There are a number of search engines you can plug into your website, but one of the most popular is Elasticsearch, a RESTful search and analytics engine. Released in 2010, Elasticsearch is a Java-based API built on Apache Lucene and is capable of searching many data formats, including structured and unstructured data.
Elasticsearch indexes your data using keywords, making search queries fast as it searches through the keywords rather than searching full text (also known as an inverted index). It has a lot of benefits including plugins and libraries for many programming languages, a robust REST API, typo tolerance, and ranking and sorting capabilities.

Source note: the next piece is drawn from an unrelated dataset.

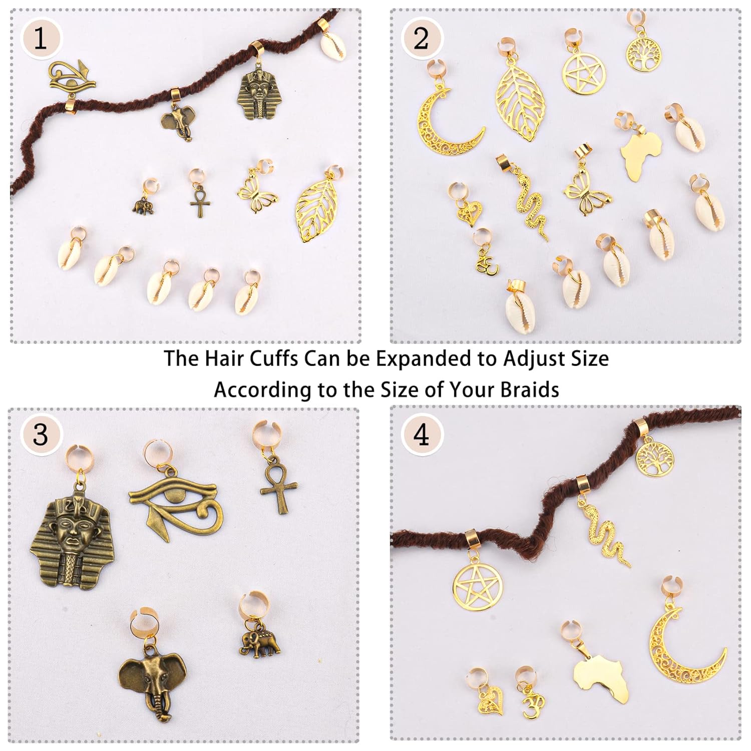 Package include: there are total 20 pieces hair Jewelry for women braids, include 15 different shapes, such as snake, butterfly, elephant, tree, shell, cross, moon, eyes, Egyptian pharaoh, leaves, map, heart and so on, plenty of braiding hair charms can meet your needs for decorating your hair, suitable for party and wedding prom etc.
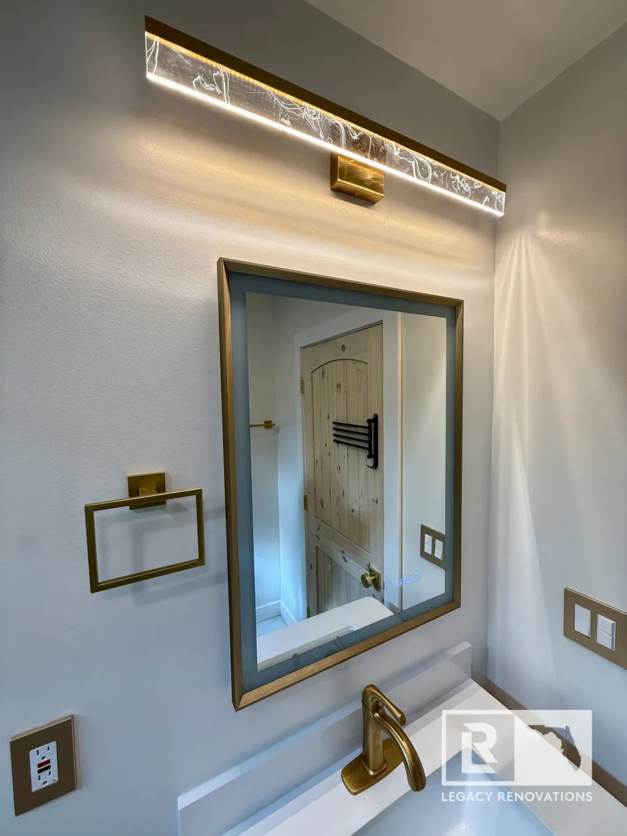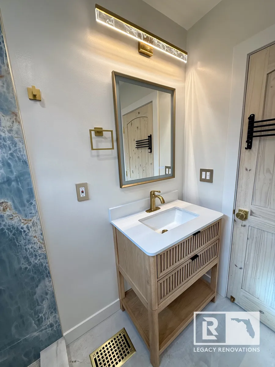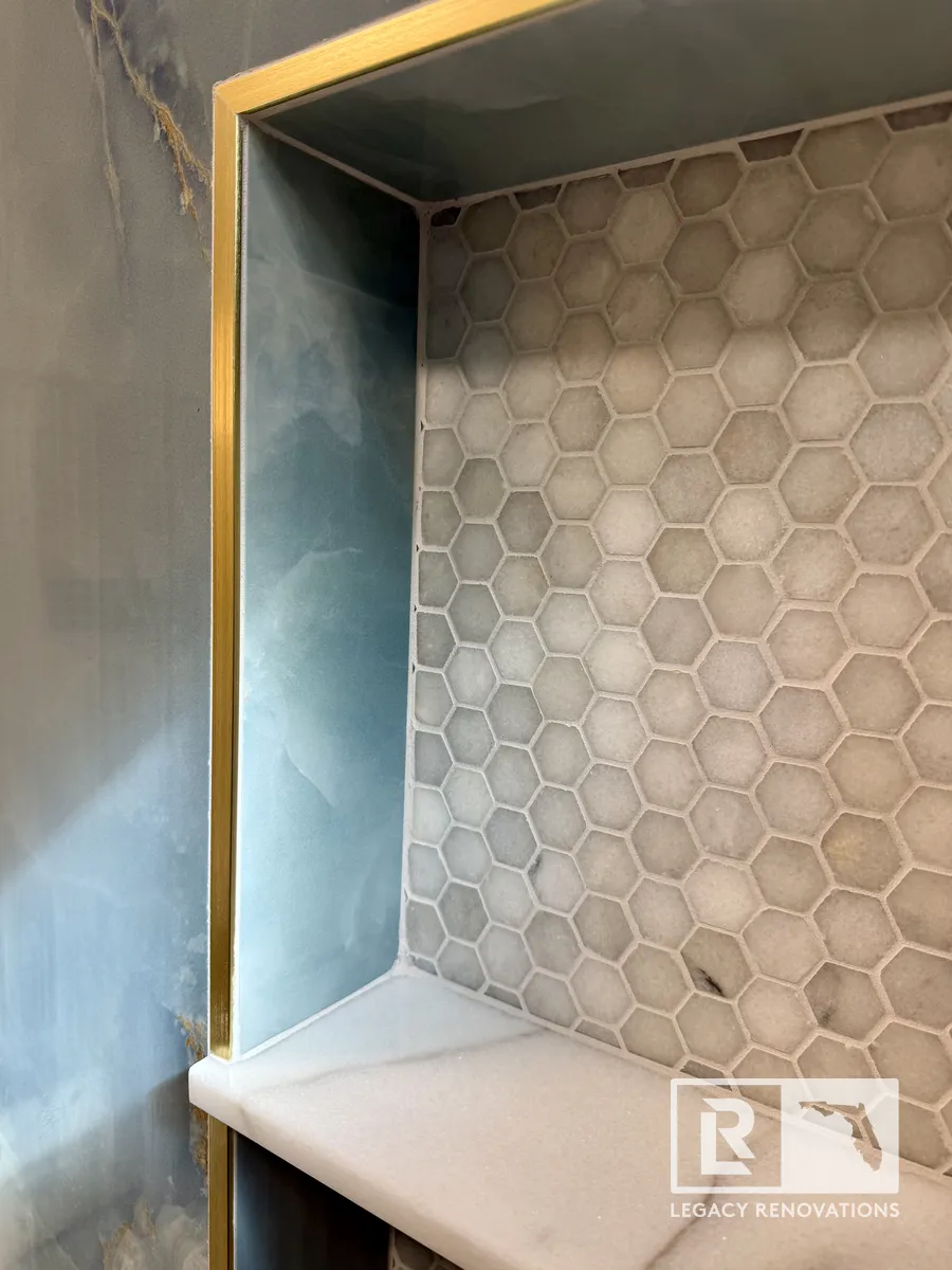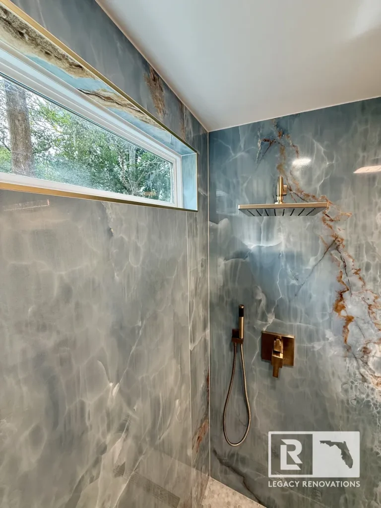 We went with the linear drain and then gold, all the accessories and all the trim, all the Schluter edges is all gold. The blue and the gold are great complimentary colors that turn out absolutely beautiful. And then kept with the same design on the floor. You can see we went with really large tiles just to limit the amount of grout lines there were. The duct work was running underneath. So we had to change the location of that so that it fit with the bathroom. A lot of stuff we ended up changing and running new lines, older wiring. We ran new lines for the mirror.

Up until 2021, Elasticsearch was open source software under the Apache License, but has been changed to use Elastic License and Server Side Public License (SSPL) due to issues with Amazon’s usage of the software.
As great as Elasticsearch is, you can’t completely ignore its limitations. It’s notoriously difficult to set up, requires dedicated engineering resources, and is not suited to handle dynamically changing data. This makes it a poor fit for social and e-commerce site searches.
In this guide, we’ll look at Elasticsearch’s architecture in more detail and dive into these limitations. Finally, we’ll look at Sajari, an AI-powered alternative that overcomes some of these weaknesses.
Basic Concepts: Cluster Architecture
To understand Elasticsearch at scale, you need to grasp some of the underlying architectural patterns it uses to store and index data.
First, a node is an instance of Elasticsearch. Each node usually runs on a single machine and communicates over a network, sharing read/write responsibilities with other nodes in its cluster.
A cluster is a collection of Elasticsearch nodes that communicate to read and write to indices. In a typical cluster, there’s a master node that organizes the communication between nodes, helping maintain consistency throughout the cluster.
Since a cluster is made of many nodes—each running on a single machine—you can scale Elasticsearch reasonably well by adding more nodes to the cluster. This is called horizontal scaling.
Finally, you need to understand indices and shards. Indices are each a Lucene index and are made of shards scattered across the nodes in a cluster. The shards are replicated across the nodes, so if the node holding the primary shard is unavailable, the replicated shards can be read instead. This adds redundancy and scalability to Elasticsearch’s architecture and makes it highly available. Shards can be configured to refresh automatically to offer near real-time search.
A schema includes all the fields in a document and a description of datatypes.
Using Hosted Services
You can host Elasticsearch on your own servers or virtual machines, or you can pay a third-party provider to do it for you. Two of the most common options are Amazon’s Elasticsearch Service, and Elastic’s own Elastic Cloud.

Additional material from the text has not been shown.